A new release built on the Firefox 12 code base. This is mostly a maintenance release.
Of special interest is that Pale Moon, unlike Mozilla Firefox in its version 12, does not move to a silent install method.

Fixes and changes in all versions:
  • A number of security and stability fixes imported from Firefox 12
  • Update to the status bar code and a finalization of the integration of this functionality
  • Localization of the status bar preferences and messages into 3 additional common languages: German, French and Spanish. This will automatically follow your locale setting
  • Update to the HTML5 media controls
  • Some under-the-hood changes that will further improve performance of Pale Moon on some systems
Pale Moon Portable:
  • An update to the launcher and script. More information on the Pale Moon Portable page. It is recommended for everyone using the portable to make a fresh install (with a copy over of your profile files if desired) and not use an in-place upgrade.
  • A fix for backups not being properly created and stored
This version marks the start of a different release schedule for Pale Moon.

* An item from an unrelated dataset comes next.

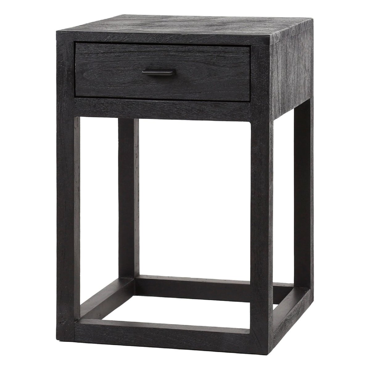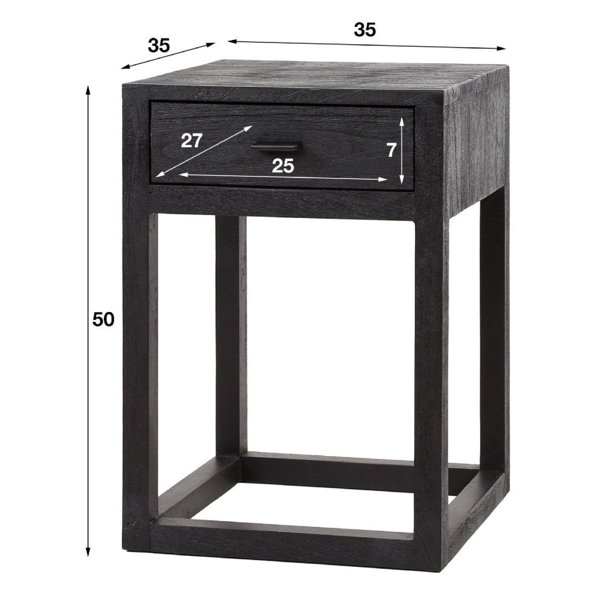 Dit moderne nachtkastje van massief zwart acaciahout is een compacte, maar zeer stijlvolle blikvanger naast je bed. Dankzij het tijdloze, vierkante design past dit houten nachtkastje moeiteloos in een modern, industrieel of hotel chique interieur. De lade biedt praktische opbergruimte voor spullen die je graag binnen handbereik hebt, terwijl het glad geschuurde oppervlak zorgt voor een strak en rustig geheel. De natuurlijke houtnerf blijft subtiel zichtbaar, waardoor elk nachtkastje uniek is en een warme, luxe uitstraling aan je slaapkamer geeft. Zo haal je een decoratief én functioneel nachtkastje in huis dat zowel qua kwaliteit als design opvalt.

Instead of following the rapid release schedule of Mozilla, the browser will use version 12, a properly matured build with essential functionality, as a base to make incremental updates upon.

The reasons for this are multiple, not in the least it will allow Pale Moon to implement things that have been on the "to-do" list for a while but which have been pushed back because of lack of time "keeping up" with the (too) fast releases of new versions by Mozilla. The rapid releases often little more than maintenance updates and one or two new features (sometimes even just partially implemented), but requiring a full development/testing cycle for Pale Moon because of the lumped-together patches. Another reason is that from this point on, Firefox will receive a few user interface overhauls to go off on the "Web OS"/"Metro"/"Desktop integration" tangent that goes against Pale Moon's goals of being and remaining a web browser.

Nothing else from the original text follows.